Dubner quotes the Babylonian Talmud:

Ben Zoma once saw a crowd on one of the steps of the Temple Mount. He said, Blessed is He that discerneth secrets, and blessed is He who has created all these to serve me. [For] he used to say: What labours Adam had to carry out before he obtained bread to eat! He ploughed, he sowed, he reaped, he bound [the sheaves], he threshed and winnowed and selected the ears, he ground [them], and sifted [the flour], he kneaded and baked, and then at last he ate; whereas I get up, and find all these things done for me.

And how many labours Adam had to carry out before he obtained a garment to wear! He had to shear, wash [the wool], comb it, spin it, and weave it, and then at last he obtained a garment to wear; whereas I get up and find all these things done for me. All kinds of craftsmen come early to the door of my house, and I rise in the morning and find all these before me.

I come across this while trying to sort out logistics for bringing things out of storage in the UK and transporting them to Berlin; have been putting this off for 4 years, because the piano needs a Luton van with a tail lift. A Luton van is the smallest available size of box van, a size just manageable for someone who has never driven anything larger than a car; I have driven one before (this was how I got the piano from London to the North in the first place), but that did not involve taking it on a ferry and driving a vehicle from drive-on-the-left Britain across drive-on-the-right Europe and back again.

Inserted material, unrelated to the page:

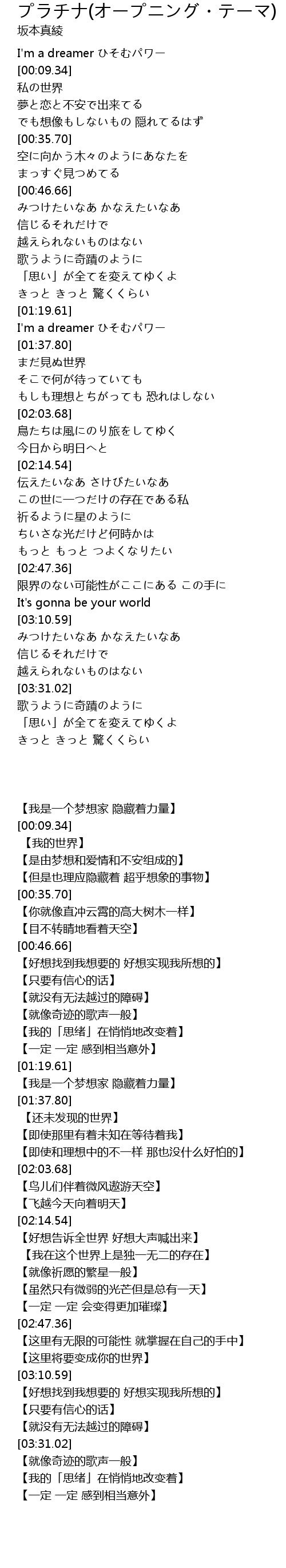 | [00:03.42] | I'm a dreamer ひそむパワー |

The things in London went into storage when I went to NY in 2003; my editor had said I could work directly with the designer on my poker book, but he wanted to use his own designer. So I went to NY, and we negotiated a contract, and I could not get my publishers to provide the designer. The things in Leeds went into storage in 2000; my second agent, Andrew Wylie, had made tough noises when we met, claiming that the agency would bring ruthless efficiency to bear on -- this is the kind of thing that makes that book by Graham Greene look so good. Don't tell me about the past, tell me about the future.

It's a glorious day.

I had been thinking a while back that I would like to do an intensive course on driving an HGV, which can be done in Britain in a month for about £800, thinking how exceptionally helpful it would have been if I had been able to learn this at school. Thinking how much better off just about everyone would be if they were taught how to drive large vehicles with manual transmission at school. Asking myself: who expects to get through a lifetime without transporting stuff?

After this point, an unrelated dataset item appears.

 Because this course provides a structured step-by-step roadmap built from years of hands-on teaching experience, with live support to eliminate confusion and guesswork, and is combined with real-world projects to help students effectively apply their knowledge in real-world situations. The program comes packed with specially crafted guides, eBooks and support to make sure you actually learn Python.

I've been spending a lot of time on Powerpoint, which the sort of job I might apply for tends to require. It makes driving an HGV look good, but the kind of job that calls for Powerpoint pays better. Have also been spending a lot of time on Excel pivot tables. These are moderately entertaining, especially when combined with MicroCharts, but I then get distracted and start playing around with Hadley Wickham's ggplot2. Had faintly hoped Powerpoint would look less deeply silly if I got to grips with it but it doesn't. Spent a long time working with hangul in Adobe Illustrator. Any wp program will let you select text and format it (Mellel will let you do more than most), but you can't select one element of a syllable in hangul, which the program perceives as a single unit: you must go into Illustrator, create a text box, type hangul, select with the Select tool, convert to outlines, select the element using the Direct Select tool, create a new layer, move the element to the new layer, and hey presto! format it. Question not the need.

This is what the hangul looked like when I was cutting and pasting and colouring in by hand back in 2005, pre-Illustrator:



There is one slight problem, which is that the font directly above (Seoul) is on my old Mac but not the new one and allegedly cannot be installed there. In a separate but related incident InDesign crashes when I try to open it in Leopard, but can't be installed on the old Mac (still on Tiger) because it does not have enough RAM. It will be obvious to the meanest intelligence that the author of this blog is precisely the sort of person who should leave design to the sweat of someone else's brow.

It's a glorious day.

You can type Chinese, Japanese and Korean in vanilla Illustrator, but it can't handle Greek, Russian, Arabic or Hebrew: you need the Eastern European version for the first two, the Middle Eastern version for the second. Same for InDesign. Poor head.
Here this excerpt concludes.